5. An image super-resolution device based on a light field acquisition device, wherein the light field acquisition device comprises a plurality of USB cameras and a camera to form a light field acquisition device with a 3 x 3 visual angle, and the plurality of USB cameras at the side visual angle are regularly arranged in a square space form and surround the camera, wherein the device comprises:

the acquisition module is used for acquiring the light field image through the light field acquisition device so as to acquire a plurality of side view angle low-resolution images and a plurality of middle view angle high-resolution images;

the super-resolution module is used for performing super-resolution on the acquired side-view low-resolution images by utilizing dictionary learning and deep learning; and

the acquisition module is used for acquiring the depth information of a scene according to the parallax among the light field images of different visual angles;

wherein, the super-resolution module further comprises: the computing unit is used for performing down-sampling on the intermediate view angle high-resolution image, performing super-resolution on the view angle through a trained convolutional neural network by using the deep learning method, and subtracting the image before down-sampling to obtain a residual image so as to reflect the residual of the super-resolution of the neural network; the extraction unit is used for extracting dictionary information from the plurality of side-view low-resolution images and the middle high-resolution image by using image partitioning, and performing information correspondence between low-resolution image blocks and high-resolution image blocks; and the first acquisition unit is used for performing initial super-resolution on the low-resolution image of each side view angle through the convolutional neural network, converting the residual image into the side view angle by using the information corresponding relation, and adding the residual image and the preliminarily obtained super-resolution result of the neural network to acquire a final super-resolution result.

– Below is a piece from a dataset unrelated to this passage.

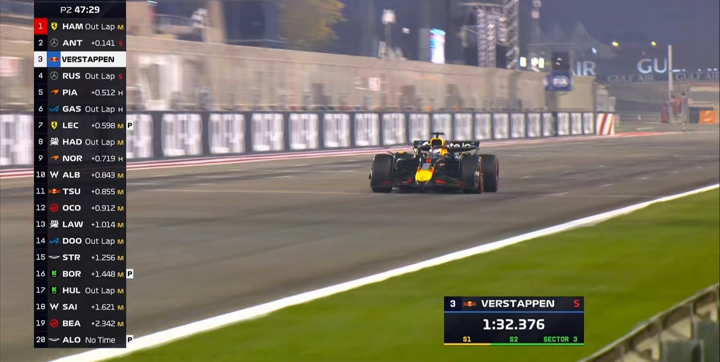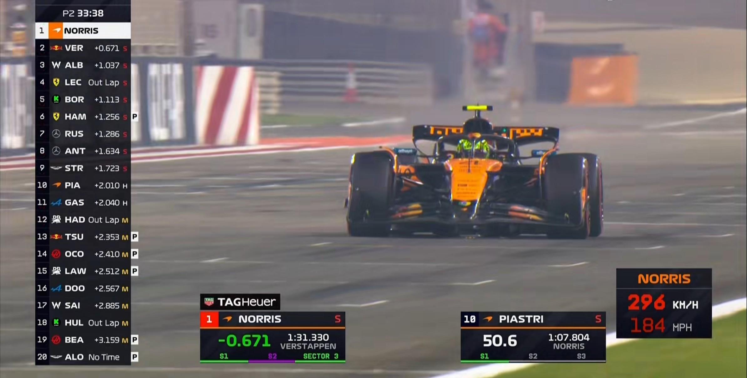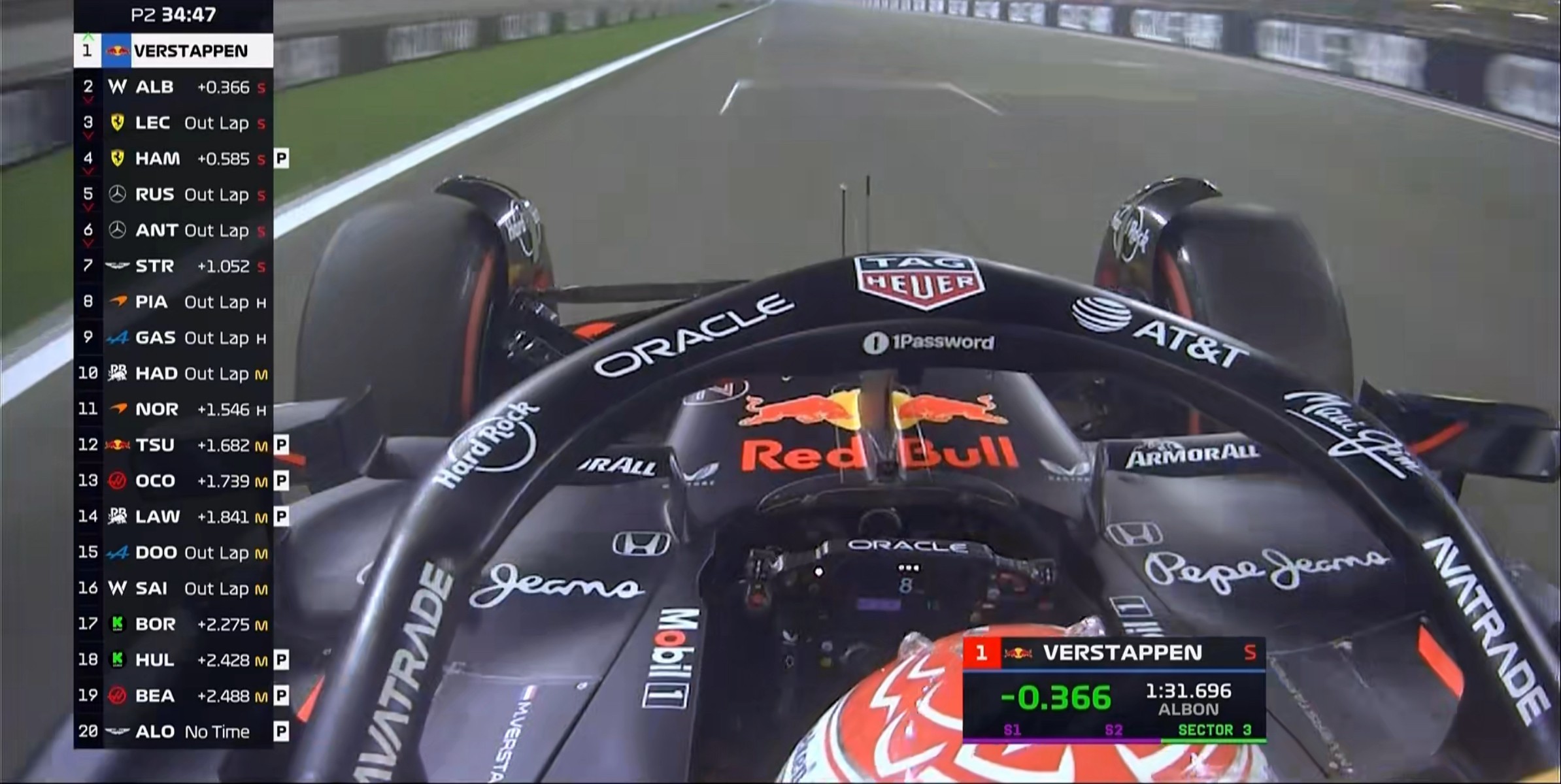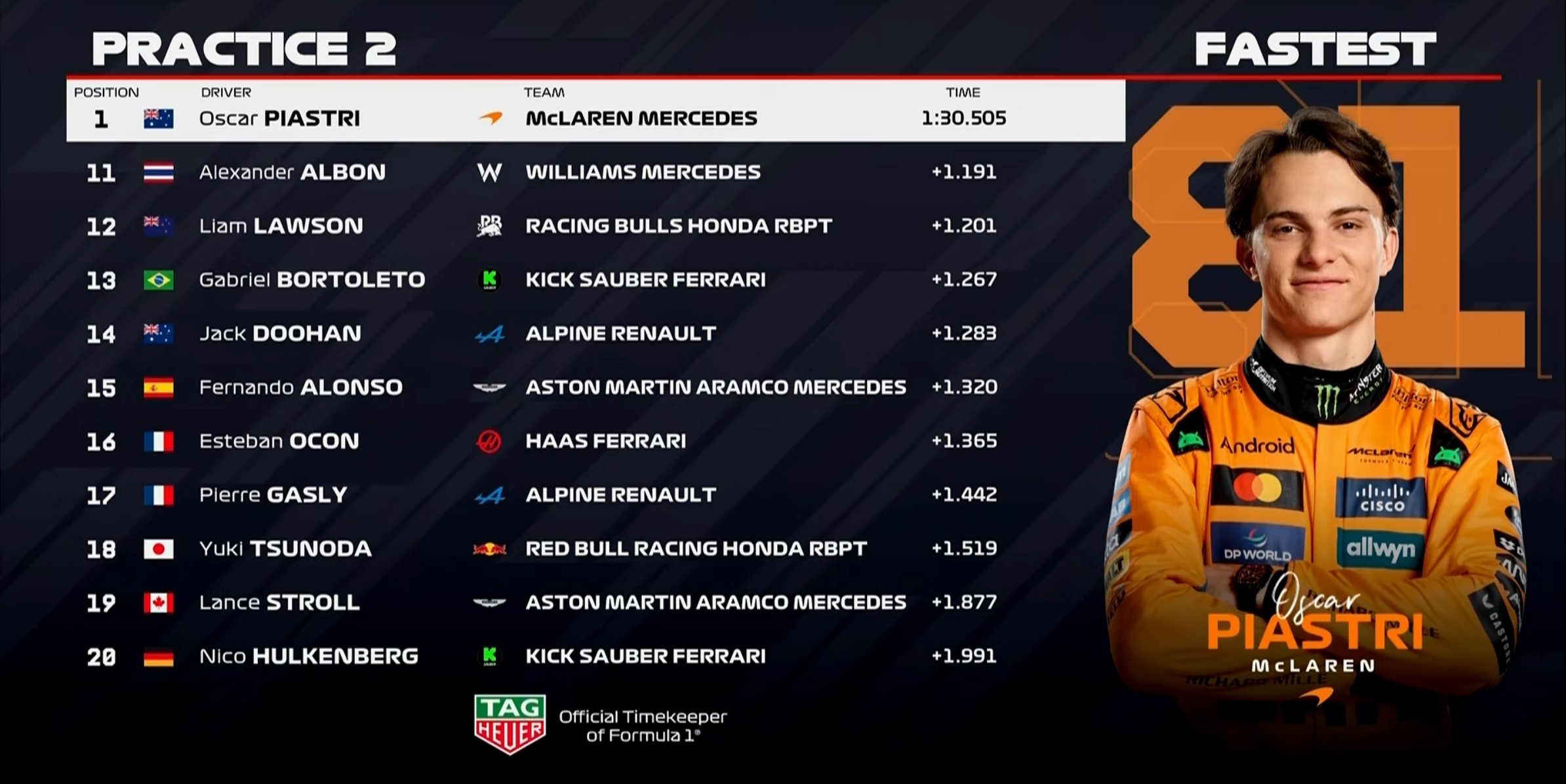 所有车手均完成排位赛模拟,两台迈凯伦优势明显,四台红牛中最快的是哈贾尔,角田的成绩不够理想,法拉利与梅奔的成绩很接近!

6. The light field acquisition device-based image super-resolution device according to claim 5, wherein the residual image block corresponding to each position is obtained by the following formula:

wherein the content of the first and second substances,

7. The light field acquisition device-based image super-resolution device of claim 6, wherein the final super-resolution result is:

wherein the content of the first and second substances,

8. The light field acquisition device-based image super-resolution device according to any one of claims 5 to 7, wherein the acquisition module further comprises:

the second acquisition unit is used for acquiring the edge confidence of each light field image to obtain an edge confidence mask;

the third acquisition unit is used for acquiring the parallax value of the pixel point marked as the confidence edge according to the edge confidence mask;

the fourth obtaining unit is used for filtering the initial disparity map by combining bilateral median filtering to obtain disparity values of pixel points in a non-edge area and pixel points with disparity confidences smaller than a preset threshold; and

and the generating unit is used for generating a disparity map according to the disparity value of each pixel point.